Exercise directions: Repeat every line of the data exactly; no picture belongs in the copy.

============

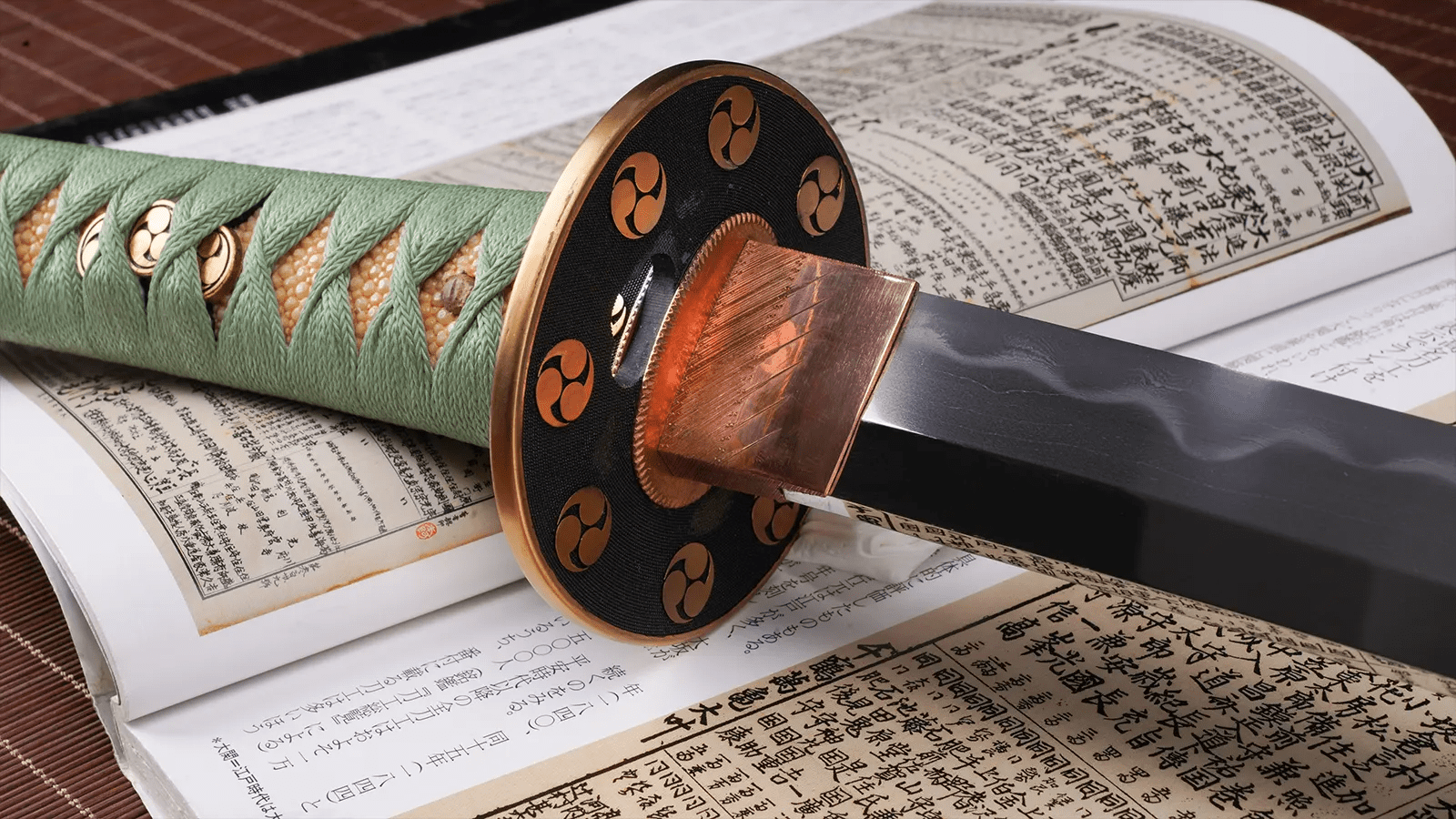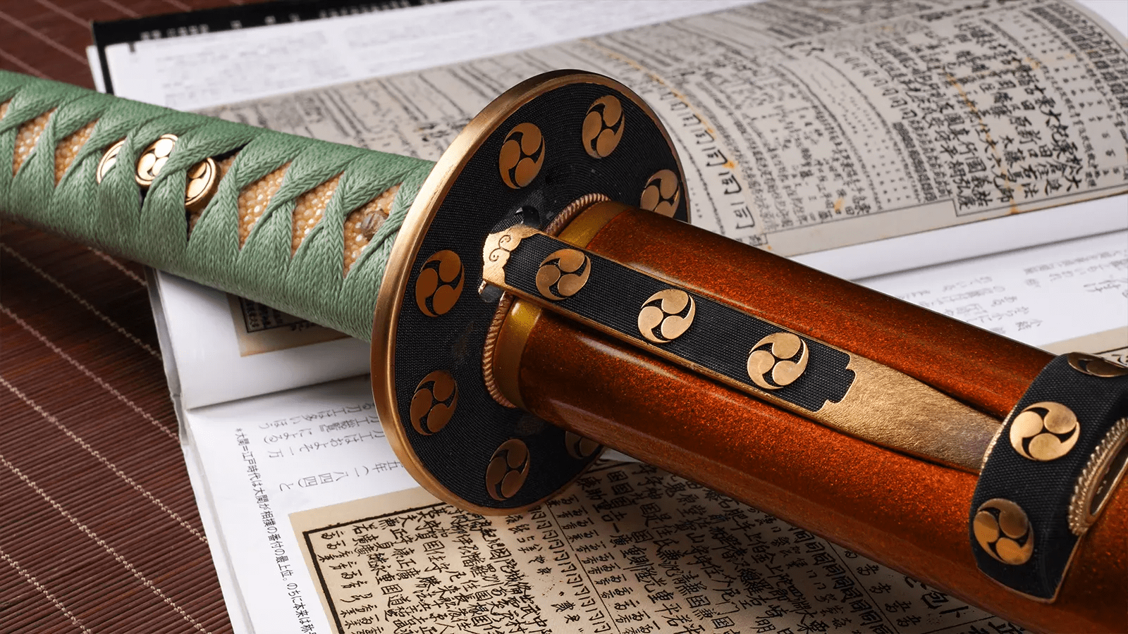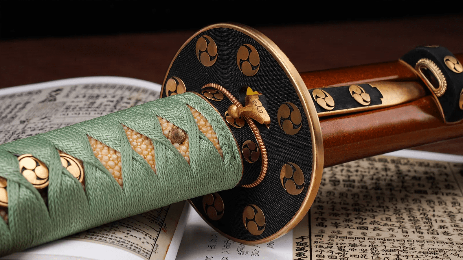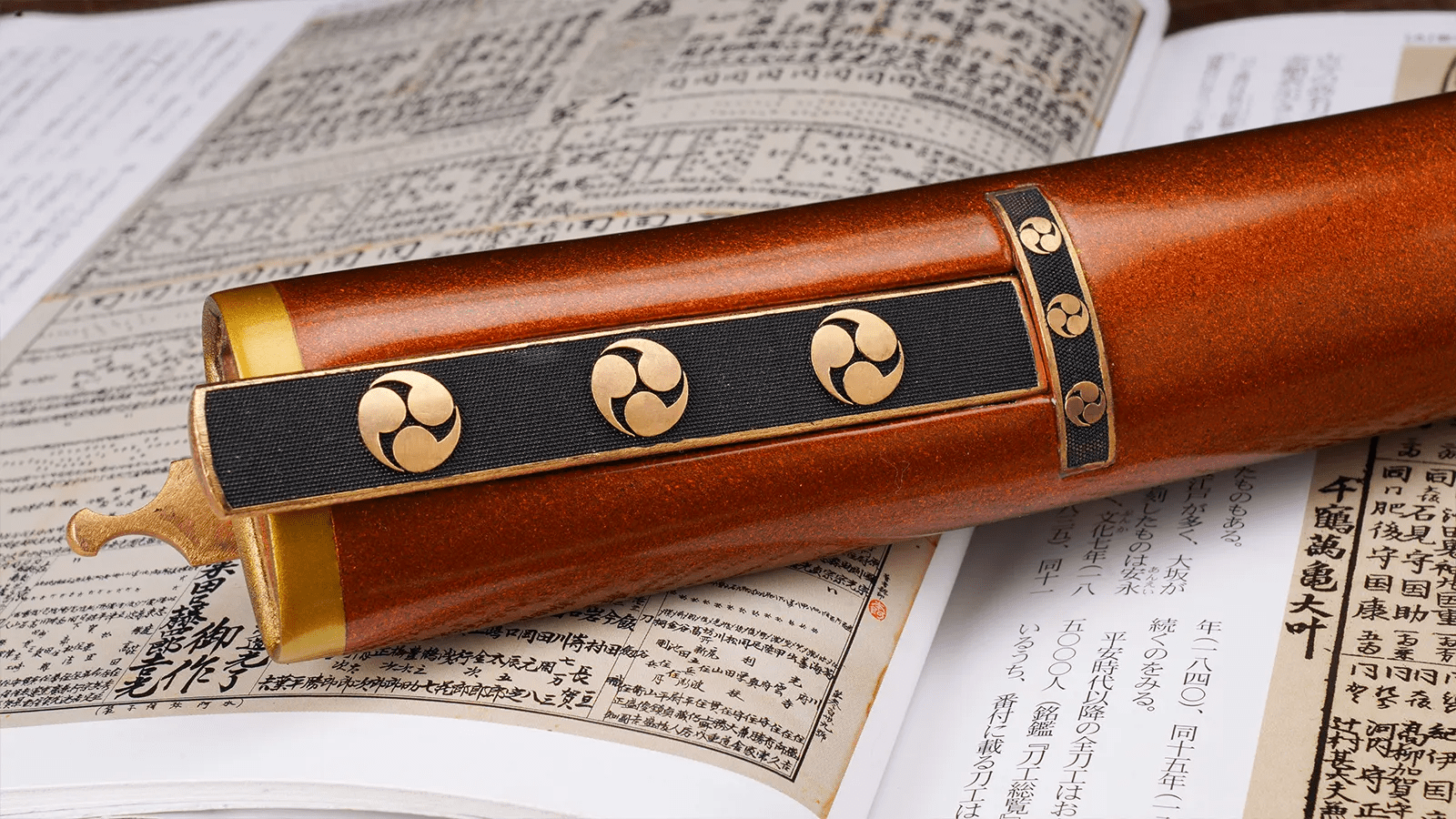 Kinriko refers to a golden style of swords once reserved for the nobility—gold not just in color, but in symbolism. In the samurai world, gold-toned blades were seen as marks of prestige. Mitsudomoe is the triple-comma motif carved into the fittings—an ancient symbol that represents the balance and eternal struggle between heaven, earth, and humanity. Koshirae means “fittings,” referring to every individual piece that brings the sword together. Believe it or not, the entire structure is held by a single bamboo mekugi peg inside the handle—just as it was done for centuries.
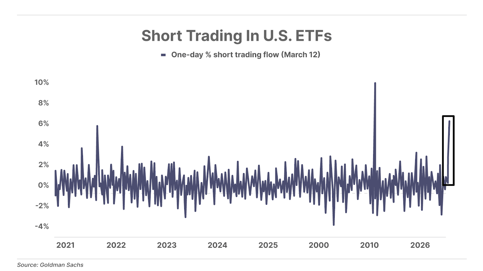 1. Hedge funds are very bearish. Short positions in U.S.-listed ETFs surged 10% last Thursday, the second-largest single-day increase in a decade, pushing total short exposure to the 2022 bear-market peak of 11.6%. Funds are betting heavily against the market due to the energy crisis caused by the war in Iran.
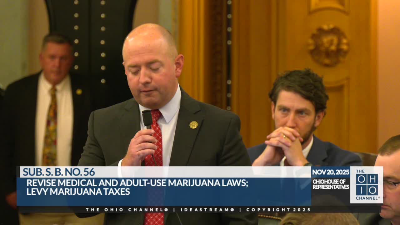 The House voted to adopt a conference report that implements Issue 2 (the statewide adult‑use cannabis constitutional amendment) but reflects later federal changes and Senate edits. Sponsors said the conference report preserves core house priorities — expanded expungement, home grow, sharing between adults, restrictions on marketing to minors, and a 36% host‑community allocation of marijuana tax revenues.
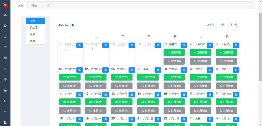 | 排班管理 | 班组、班次设置,排班计划制定,节假日/工作日管理 |
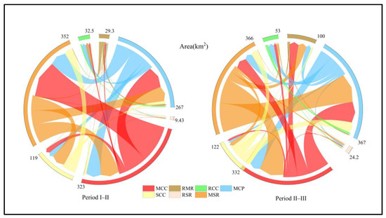 Chord diagram of cropping pattern transition matrix in Wangkui County during the period I–III.
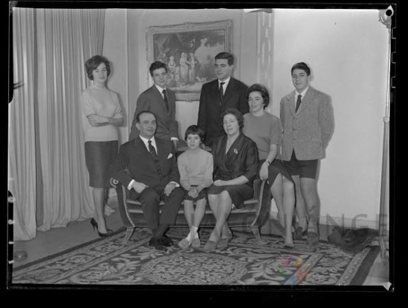 El empresario, político y presidente del Real Zaragoza, Cesáreo Alierta (1909-1974) y su esposa, Juana Izuel Labad, junto a sus 3 hijos: César Alierta (1945-2024), quien fue presidente de Telefónica; Mariano Alierta (1940), diputado por la UCD y senador por el Partido Popular; y de Juana Alierta, esposa de Ramón Sainz de Varanda, político socialista y alcalde de Zaragoza. Les acompañan otros familiares sin identificar
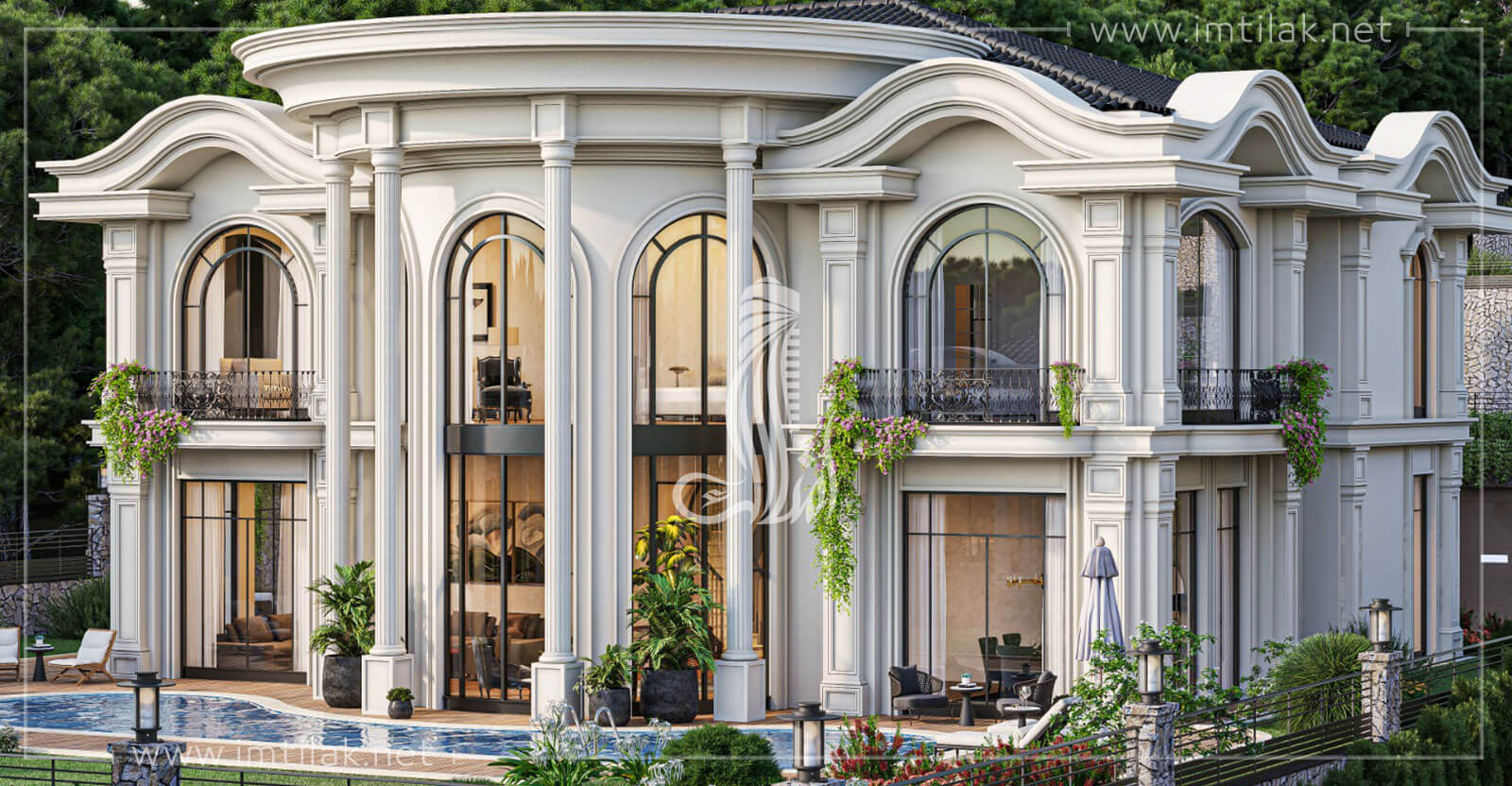- The villas have a splendid architectural design, designed in the style of luxurious palaces, with their rooms, halls, corridors, staircases, and high ceilings.
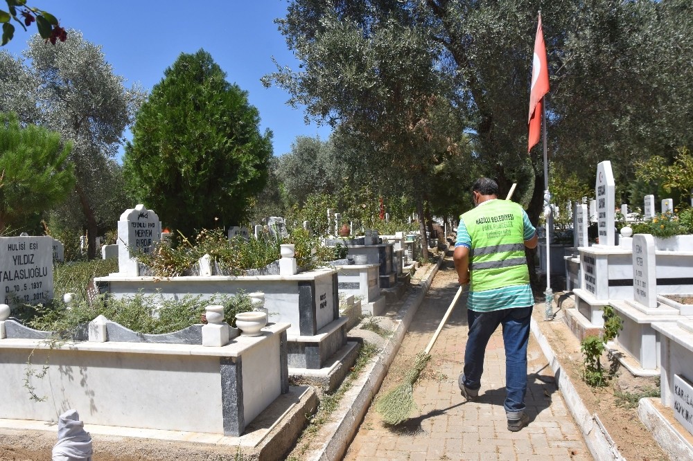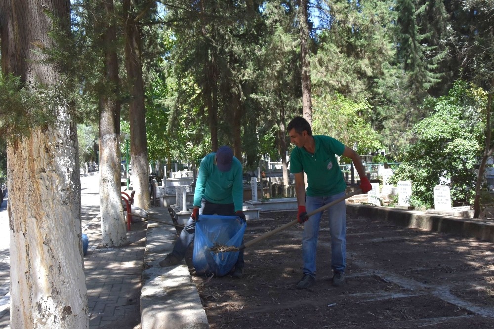 Nazilli Belediyesi Park Bahçe Müdürlüğü ekipleri yaklaşan Kurban Bayramı öncesi mezarlık, refüj ve parklarda temizlik çalışmalarına başladı.
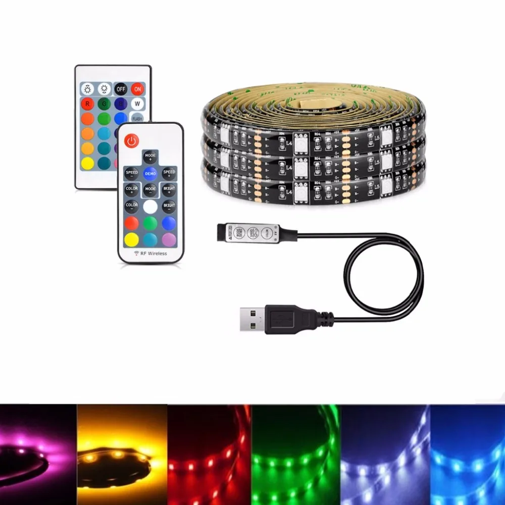 Kopen Goedkoop 5 v strip LED Licht USB SMD 5050 RGB led strip Waterdicht 5 v diode tape 17 key controller Afstandsbediening 3 Mini key Flexibele Led Licht Online
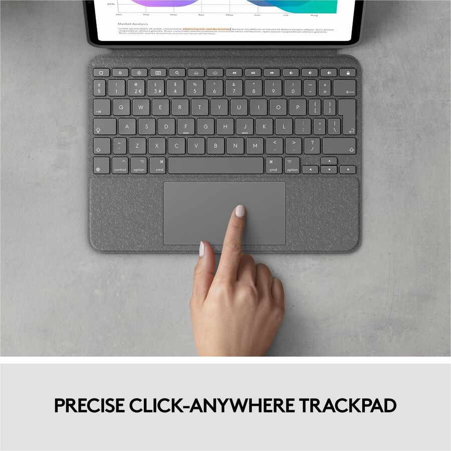 Meet the keyboard case that enables whole new levels of versatility. Type, view, sketch, and read with iPad Pro - all while keeping the front, back, and corners snug and protected. With the new click-anywhere trackpad, together with Logitech's signature laptop-like keyboard, you can work and create effortlessly. Possibilities? Endless.
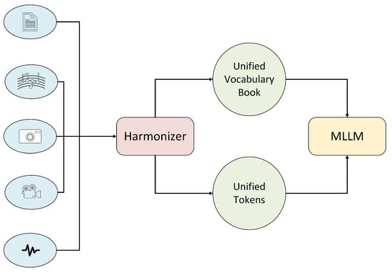 The implementation of Harmonizer faces several critical technical challenges. First, it must address the heterogeneity of input signals, handling differences in representation (e.g., audio waveforms versus image pixels) [,]. Second, temporal and spatial resolution pose challenges as sequences often vary in length and resolution []. Third, scalability is essential to maintain efficiency as both the number of modalities and the complexity of data increase [,]. Finally, preserving contextual semantics ensures accurate integration of cross-modal information (e.g., audio-text alignment) for coherent multimodal reasoning and inference []. In NLP, tokenization splits text into small units (words or subwords) and maps them to numbers that capture syntax and meaning []. In NLP, tokenization involves breaking text into smaller units (e.g., words or subwords) [,] and mapping them to numerical representations using a predefined vocabulary that captures the syntactic and semantic essence of the language []. These standardized representations enable LLMs to learn contextual relationships and nuances [,]. (In subsequent mentions, we refer to large language models (LLMs) and natural language processing (NLP) only by their abbreviations).

============

Reply:
 Kinriko refers to a golden style of swords once reserved for the nobility—gold not just in color, but in symbolism. In the samurai world, gold-toned blades were seen as marks of prestige. Mitsudomoe is the triple-comma motif carved into the fittings—an ancient symbol that represents the balance and eternal struggle between heaven, earth, and humanity. Koshirae means “fittings,” referring to every individual piece that brings the sword together. Believe it or not, the entire structure is held by a single bamboo mekugi peg inside the handle—just as it was done for centuries.
 1. Hedge funds are very bearish. Short positions in U.S.-listed ETFs surged 10% last Thursday, the second-largest single-day increase in a decade, pushing total short exposure to the 2022 bear-market peak of 11.6%. Funds are betting heavily against the market due to the energy crisis caused by the war in Iran.
 The House voted to adopt a conference report that implements Issue 2 (the statewide adult‑use cannabis constitutional amendment) but reflects later federal changes and Senate edits. Sponsors said the conference report preserves core house priorities — expanded expungement, home grow, sharing between adults, restrictions on marketing to minors, and a 36% host‑community allocation of marijuana tax revenues.
 | 排班管理 | 班组、班次设置,排班计划制定,节假日/工作日管理 |
 Chord diagram of cropping pattern transition matrix in Wangkui County during the period I–III.
 El empresario, político y presidente del Real Zaragoza, Cesáreo Alierta (1909-1974) y su esposa, Juana Izuel Labad, junto a sus 3 hijos: César Alierta (1945-2024), quien fue presidente de Telefónica; Mariano Alierta (1940), diputado por la UCD y senador por el Partido Popular; y de Juana Alierta, esposa de Ramón Sainz de Varanda, político socialista y alcalde de Zaragoza. Les acompañan otros familiares sin identificar
- The villas have a splendid architectural design, designed in the style of luxurious palaces, with their rooms, halls, corridors, staircases, and high ceilings.
 Nazilli Belediyesi Park Bahçe Müdürlüğü ekipleri yaklaşan Kurban Bayramı öncesi mezarlık, refüj ve parklarda temizlik çalışmalarına başladı.
 Kopen Goedkoop 5 v strip LED Licht USB SMD 5050 RGB led strip Waterdicht 5 v diode tape 17 key controller Afstandsbediening 3 Mini key Flexibele Led Licht Online
 Meet the keyboard case that enables whole new levels of versatility. Type, view, sketch, and read with iPad Pro - all while keeping the front, back, and corners snug and protected. With the new click-anywhere trackpad, together with Logitech's signature laptop-like keyboard, you can work and create effortlessly. Possibilities? Endless.
 The implementation of Harmonizer faces several critical technical challenges. First, it must address the heterogeneity of input signals, handling differences in representation (e.g., audio waveforms versus image pixels) [,]. Second, temporal and spatial resolution pose challenges as sequences often vary in length and resolution []. Third, scalability is essential to maintain efficiency as both the number of modalities and the complexity of data increase [,]. Finally, preserving contextual semantics ensures accurate integration of cross-modal information (e.g., audio-text alignment) for coherent multimodal reasoning and inference []. In NLP, tokenization splits text into small units (words or subwords) and maps them to numbers that capture syntax and meaning []. In NLP, tokenization involves breaking text into smaller units (e.g., words or subwords) [,] and mapping them to numerical representations using a predefined vocabulary that captures the syntactic and semantic essence of the language []. These standardized representations enable LLMs to learn contextual relationships and nuances [,]. (In subsequent mentions, we refer to large language models (LLMs) and natural language processing (NLP) only by their abbreviations).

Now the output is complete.